We also provide the checkpoint of DiT-LC (trained for 400K iterations) on Google Drive.

DiT Testing

Evaluating the FID score of 50K generated images with DiT-LC:

cd dit-lc
imagenet_train_path="IMAGENET TRAIN SET PATH"
codebook_path="INIT CODEBOOK PATH"
vq_path="VQGAN-LC PATH"
dit_path="DiT-LC PATH"
python evaluation.py --model DiT-XL/2 \
                     --image-size 256 \
                     --num-sampling-steps 250 \
                     --seed 0 \
                     --embed_dim 8 \
                     --n_vision_words 100000 \
                     --local_embedding_path $codebook_path \
                     --vq_ckpt_path $vq_path \
                     --ckpt $dit_path \
                     --tuning_codebook 0 \
                     --use_cblinear 1 \
                     --cfg-scale 8 \
                     --save_dir "test_logs/dit_lc_100K_f16" \
                     --num_sample 50

SiT Generation

SiT Training

Training DiT with VQGAN-LC tokenizer (SiT-LC) for class-conditional image generation:

cd sit-lc
imagenet_train_path="IMAGENET TRAIN SET PATH"
codebook_path="INIT CODEBOOK PATH"
vq_path="VQGAN-LC PATH"
torchrun --nproc_per_node=1 train.py --model SiT-XL/2 \
                                     --data-path $imagenet_train_path  \
                                     --embed_dim 8 \
                                     --n_vision_words 100000 \
                                     --tuning_codebook 0 \
                                     --use_cblinear 1 \
                                     --vq_config_path "vqgan_configs/vq-f16.yaml" \
                                     --local_embedding_path $codebook_path \
                                     --ckpt_path $vq_path \
                                     --global-batch-size 256 \
                                     --latent_size 16 \
                                     --results-dir "results/sit_lc_100K_f16"

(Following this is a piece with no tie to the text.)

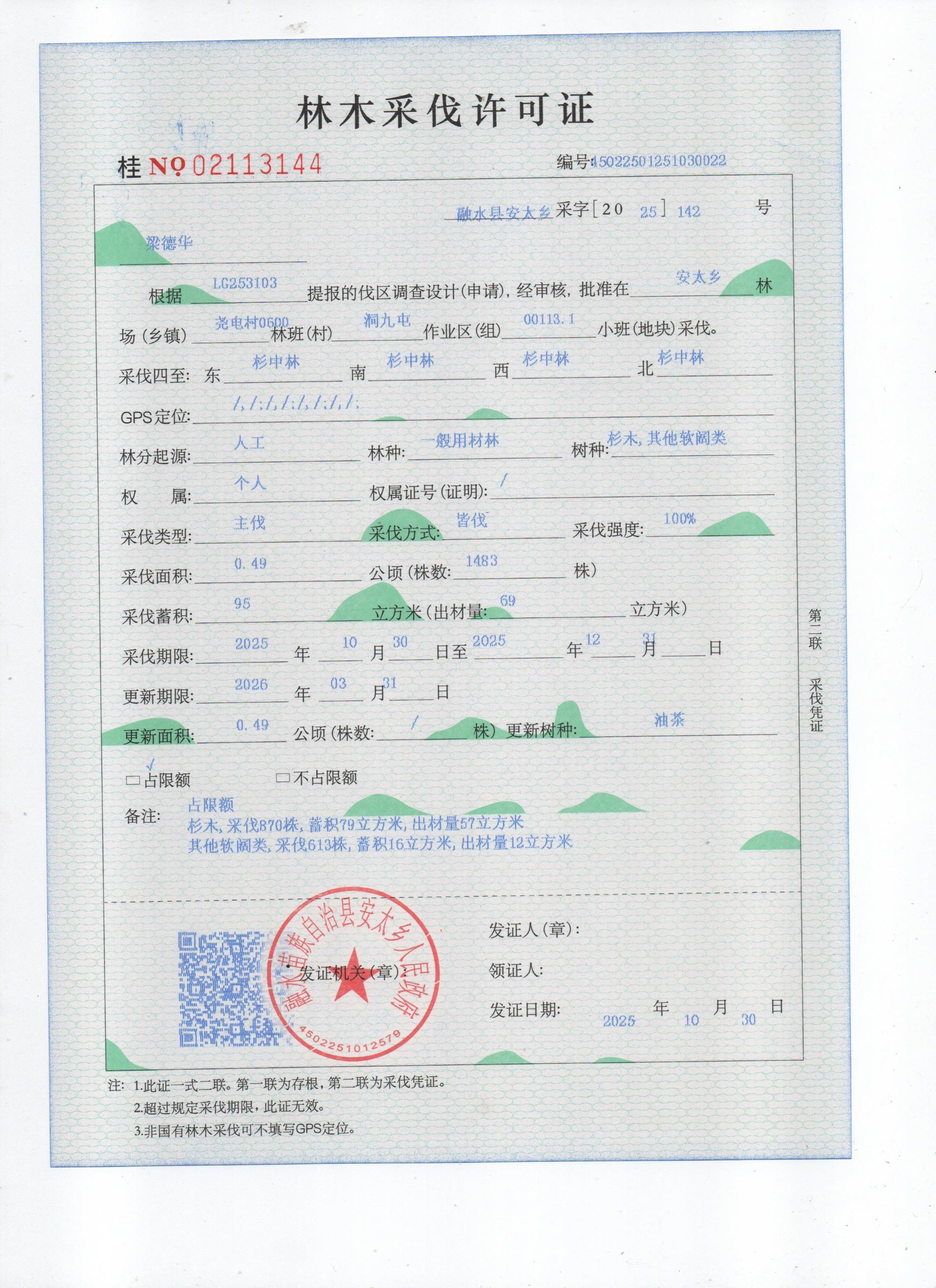 林木采伐许可证:梁德华(桂NO.02113144)公示

We also provide the checkpoint of SiT-LC (trained for 400K iterations) on Google Drive.

SiT Testing

Evaluating the FID score of 50K generated images with SiT-LC:

cd sit-lc
imagenet_train_path="IMAGENET TRAIN SET PATH"
codebook_path="INIT CODEBOOK PATH"
vq_path="VQGAN-LC PATH"
sit_path="SiT-LC PATH"
python evaluation.py ODE --model SiT-XL/2 \
                         --data-path $imagenet_train_path  \
                         --image-size 256 \
                         --num-sampling-steps 250 \
                         --seed 0 \
                         --embed_dim 8 \
                         --n_vision_words 100000 \
                         --local_embedding_path $codebook_path \
                         --vq_ckpt_path $vq_path \
                         --ckpt $sit_path \
                         --tuning_codebook 0 \
                         --use_cblinear 1 \
                         --cfg-scale 8 \
                         --save_dir "test_logs/sit_lc_100K_f16"

📏 Checkpoints

Image Quantization

Method Resolution Utilization Rate rFID Score Checkpoints
VQGAN-LC f16 99.9% 2.62 Google Drive
VQGAN-LC f8 99.5% 1.29 Google Drive

Image Generation

Method Resolution Utilization Rate FID Score Checkpoints
GPT-LC f16 97.0% 15.4 Google Drive
DiT-LC f16 99.4% 10.8 Google Drive
SiT-LC f16 99.6% 8.40 Google Drive
LDM-LC f16 99.4% 8.36 Google Drive
LDM-LC f8 99.4% 5.06 Google Drive

👨‍🏫 Acknowledgement

This repo is built on taming-transformers, latent-diffusion, DiT, and SiT.

The evaluation tools are used from pyiqa and cleanfid.